Like Kings Lynn, something of a bogey team for Hereford.
Brackley Town
Play-off losers again last season for the umpteenth time. It just doesn’t feel like destiny is on their side. In fact it feels like destiny has nicked their dinner money and given them a Chinese burn.
Manager Gavin Cowan signed an extended contract in the middle of last season, and has looked to be a good fit at the club, but he’ll have to find a way to either ensure they finish top to avoid the play-offs, or employ a hoodoo fixer as his number two in order to progress should they finish somewhere between second and seventh. I’m not entirely sure what a hoodoo fixer is, but they need one.
Ex-Bull Tommy O’Sullivan will pull the strings for them again this season in the poundshop Platini role.
Old boys Matt Lowe and Shane Byrne return to the club from Accrington and Kiddy respectively, which could be seen as a backward step or that their familiarity with the club will be an advantage in terms of hitting the ground running.

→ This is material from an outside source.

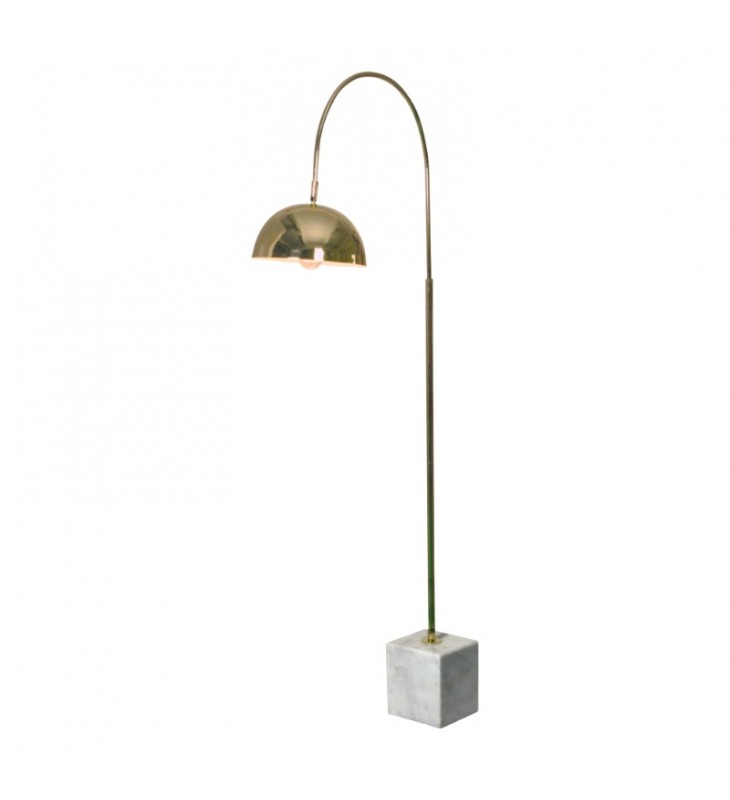 The artful swoop of this modern floor lamp recalls the retro era of 1960s Milan. Supported by the block of a white marble base, a round metal shade hangs from the arch of a sweeping metal rod. The polished brass finish on the dome of the lampshade conjures up mid-century glamour over contemporary couches and chairs.

Brackley have now properly signed striker Connor Hall from Solihull, and in his time at this level with Chorley and then Brackley (on loan last season) he’s proved that he’s good for a goal every other game. Big signing.
Like Kings Lynn and Alfreton, something of a bogey team for Hereford.
Buxton
New manager, new team, as the Bucks go full-time for the first time this season on crowds of about 500 which is, financially speaking, and indeed any other kind of speaking, absolutely nuts.
Manager Craig Elliott left at the end of the season and John McGrath takes over. The former really knew his onions at this level while the latter comes in from a lower level, so that could affect them a bit.
Midfielder Connor Kirby has survived the overhaul and should be a key player for them again.
Too many new signings to mention here, but one is Josh Popoola, who has performed well in the National League North before when briefly on loan at Spennymoor and Chorley.
Chester
Defensively superb last time, but from a rock-solid league position a couple of months before the end of the season this fan-owned club faded and missed out on the play-offs, seriously missing the goals of the departed Kurt Willoughby. The striker is now back at the club on a season-long loan from Oldham, and that looks like a smashing bit of business, with Dan Turner brought in from Brackley to partner him. Coincidentally Holly Willoughby’s son is called Chester. Small world.
Disappointingly they employed all sorts of timewasting tactics last season at Edgar Street which eventually even bored the ref, who handed the Bulls a penalty as punishment for them being continually irksome, which was nice and refreshing. The seemingly interminable wait for the ball to trickle over the line from Andy Williams’ spot kick wasn’t quite so nice and refreshing, but trickle it did and justice was served. It would be nice if they reverted to prioritising football over acting this season though.
In explaining the need to reduce the size of his squad this season, manager Calum McIntyre has said: “"We have what we have to spend and we can only operate within that budget. We can’t spend what others in the division can but we can offer the opportunity to play at a massive football club in front of some of the best supporters around. That is what sets us apart." Word-for-word this could have come from the mouth of Paul Caddis.
He also said: "Without sounding daft, the nature of needing to make some changes means that you have to make changes to allow you to do just that” which sounds, er, daft.
1600ish season tickets sold and a £100k squadbuilder target met for the second season running at the Deva – super effort at this level. Presumably contenders once again, although the smaller squad won’t help their cause.
Former Hereford defender Mitch Hancox joins from Altrincham. Central defender Connell Rawlinson joins from Notts County.
Chorley
Usually tough and competitive at this level, and briefly threatened to finish as runners-up last season before ending up fourth.
Evesham-born Andy Preece is a canny operator, and has been busy over the summer fine-tuning his squad. Mo Touray has been signed as a striker, a player who had a loan spell at Hereford, scoring one goal in 18 appearances. He’s done better lately with Warrington Rylands, but that was at a level lower. They’ve lost influential wide man Justin Johnson however, as he’s been seduced by the bright lights of Macclesfield.
New signings Cole Hall, Jack Rice and Tom Carr suggests a policy of only fielding players with short names in a bid to lower the cost to fans in having to add fewer letters to the back of their replica shirts. This theory is supported by the fact that Carlton Ubaezuonu has moved to Scunthorpe.
If the Bulls finish above Chorley you’d imagine they’ll be in the play-offs.
Curzon Ashton
One of the smaller clubs in the division, but they punched above their weight last season in qualifying for the play-offs, building on the progress they made the season before that. The Nash seem to have now established themselves as a solid NLN contender club rather than the minnow narrowly avoiding relegation each season that they used to be.